“I just wanted you to know that I won’t offer to pray in class because I’m not Catholic.  If you want, you can email my parents and ask them about it.  But when you look around the room for volunteers to pray, that’s why I’m not offering.”

A student had approached me after class one day and started our brief conversation with that explanation.

“Oh?  That is fine that you aren’t Catholic.  I assume your parents are not either, so I wouldn’t email them about it.  I still expect you to answer questions and participate in class, though”
“No, they are Catholic.”
“They are, but you aren’t?”

I’ve often wondered why some people remain faithful to the religion of their parents and others don’t.  Considering that this student brought this conversation up in the first place, I figured I could try to ask some questions to get some bearing on the situation.

“Are you Christian?”
“No.  I believe in God, because I think it is silly not to.  I just believe he created the world but isn’t really active in it.  I’m not against Christians or anything.  I just think you do your thing and I’ll do mine.”

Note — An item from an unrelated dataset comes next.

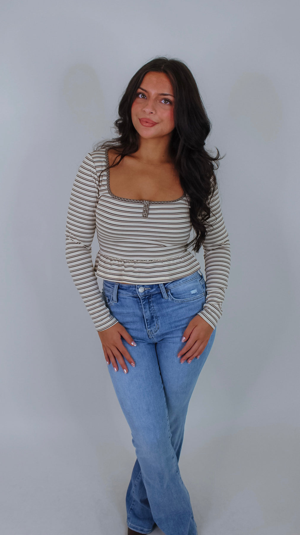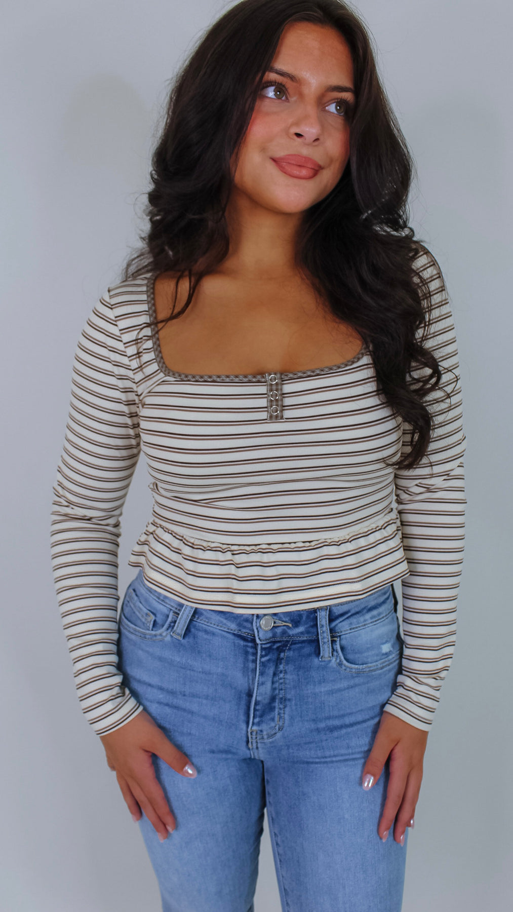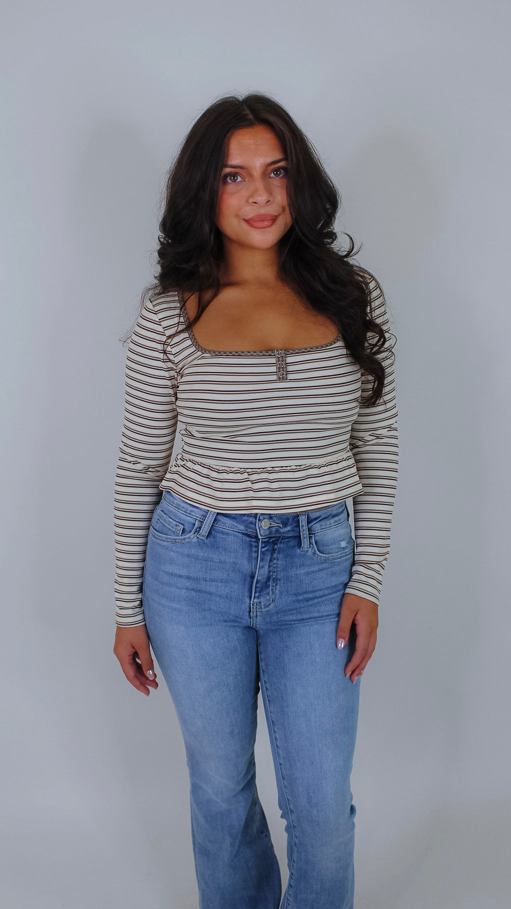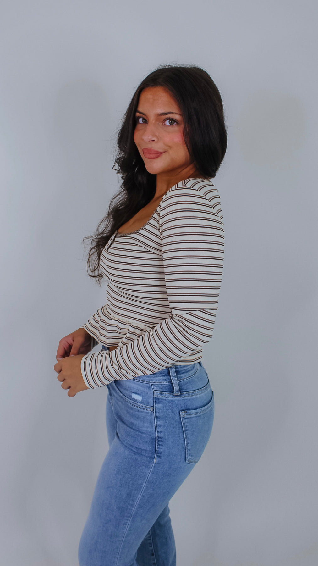 Elevate your wardrobe with the Everett Cream Striped Top, a sophisticated piece that seamlessly transitions from office to weekend. The classic striped pattern in warm beige tones offers timeless versatility, while the flattering peplum silhouette creates a polished, feminine shape. Crafted for comfort and style, this top pairs effortlessly with tailored trousers, denim, or skirts for endless outfit possibilities.

This student seemed so…pragmatic.

I think the thing that struck me the most was how reasonable the student was striving to be.  Granted, I am grateful when students are reasonable, but I couldn’t help but sense an absence of joy in this system of belief.  In many ways, I was impressed with the responses I received to my questions.  Yet I also wondered if this lack of belief stemmed more from a desire to be intelligent rather than closely examining the issues.

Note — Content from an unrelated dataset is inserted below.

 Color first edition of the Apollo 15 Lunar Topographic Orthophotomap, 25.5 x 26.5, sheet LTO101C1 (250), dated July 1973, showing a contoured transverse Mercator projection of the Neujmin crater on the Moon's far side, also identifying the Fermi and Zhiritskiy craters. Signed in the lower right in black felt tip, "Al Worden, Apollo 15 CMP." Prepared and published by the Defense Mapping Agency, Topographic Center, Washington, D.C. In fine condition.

The popular notion of ‘you do you, I’ll do me’ continues to baffle me.  If there is any honest pursuit of the truth, then clearly you doing your own thing and me doing my own separate thing cannot both lead to the correct answer.  Continual diversity in beliefs cannot lead to unity in the end.

Regardless, I appreciated the student’s honesty with me because it allowed me to be more observant in the classroom.  One day this past week, I spent some time answering their questions about saints, relics, incorruptibles, and miracles.  When the conversation veered towards Eucharistic miracles and how physical miracles need to be verified for canonization causes, I couldn’t help but notice this student’s eyes get quite wide a couple of times.  This was new information, it seemed, that this student hadn’t heard before.  I couldn’t help but hope it would prove convincing or at least provide a bit of doubt in the current position held.

I don’t think that this is a sufficient proposition, but there seems to be something about the idea of preference.  What would we prefer to be true?  Do we prefer the narrative of a God who makes the world and then lets it run its own course?  Or do we prefer the idea of a God who makes the world and continues to be present to it?  Personal preference doesn’t make something true, surely, but perhaps our desires could point the way to something more.

If there is a God, but He isn’t particularly concerned with this world anymore, why are there miracles?  If the Eucharist is just a ritual, how do we explain that sometimes the host begins to bleed?  If the being that put the world into motion and thus brings about my existence, if this being doesn’t care a bit for me, in what can I have hope?